D. Giger, J.C. Bazin, C. Kuster, T. Popa, M. Gross
Proceedings of IEEE ICME 2014 (Chengdu, China, July 14-18, 2014), pp. 1-6
Abstract
Eye contact is a critical aspect of human communication. However, when talking over a video conferencing system, such as Skype, it is not possible for users to have eye contact when looking at the conversation partner’s face displayed on the screen. This is due to the location disparity between the video conferencing window and the camera. This issue has been tackled by expensive high-end systems or hybrid depth+color cameras, but such equipment is still largely unavailable at the consumer level and on platforms such as laptops or tablets. In contrast, we propose a gaze correction method that needs just a single webcam. We apply recent shape deformation techniques to generate a 3D face model that matches the user’s face. We then render a gaze-corrected version of this face model and seamlessly insert it into the original image. Experiments on real data and various platforms confirm the validity of the approach and demonstrate that the visual quality of our results is at least equivalent to those obtained by state-of-the-art methods requiring additional equipment.
Overview
With the wide availability of broadband Internet, video conferencing
is becoming more and more popular both for professional
and private use, and gradually replacing traditional
audio calls. However when talking over a traditional video
conferencing system such as Skype or Apple’s FaceTime, conversation
partners do not have eye contact. Concretely, when
the camera is at the top of the screen, the users have the impression
that the conversation partner is looking down.

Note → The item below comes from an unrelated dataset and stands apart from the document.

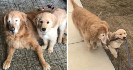 老狗狗「失去光明」從此再也沒辦法笑 直到有天「牠的導盲犬」出現暖翻所有人!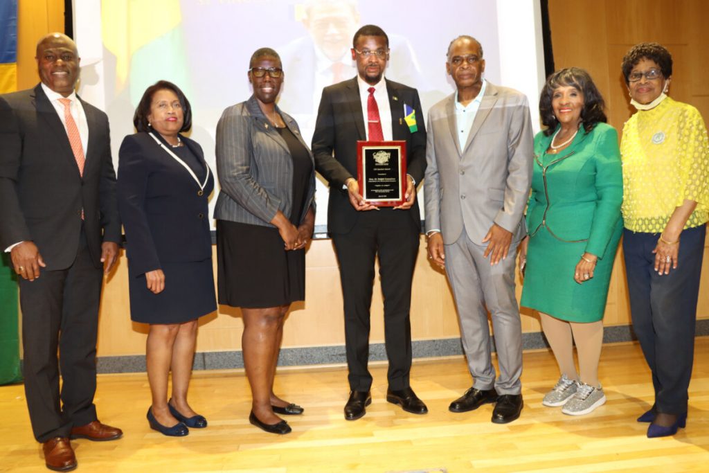 St. Vincent and the Grenadines Consul Basic to america Rondy “Luta” McIntosh, heart, receives plague, on behalf of Vincentian Prime Minister Dr. Ralph E. Gonsalves, from Dr. Ken Irish-Bramble, to McIntosh’s left, chair of Brooklyn’s Medgar Evers School’s (MEC) Caribbean Analysis Heart, in June 2023 in commemorating Caribbean-American Historical past Month at MEC.

In this work, we present a practical gaze correction system
that relies on only a single camera, and thus can be used on a
variety of platforms ranging from desktop computers to laptops
and from professional video-conferencing systems to tablets.
In the absence of any geometric information and with only one
view available, our method fits a generic template to the image
in real-time, preserving the facial expression of the participant,
and uses this geometric proxy to synthesize a gaze corrected
version of the head that is then transferred seamlessly into the
original image.
Results
Top: frames recorded during video conferencing. Bottom: Our real-time gaze correction result.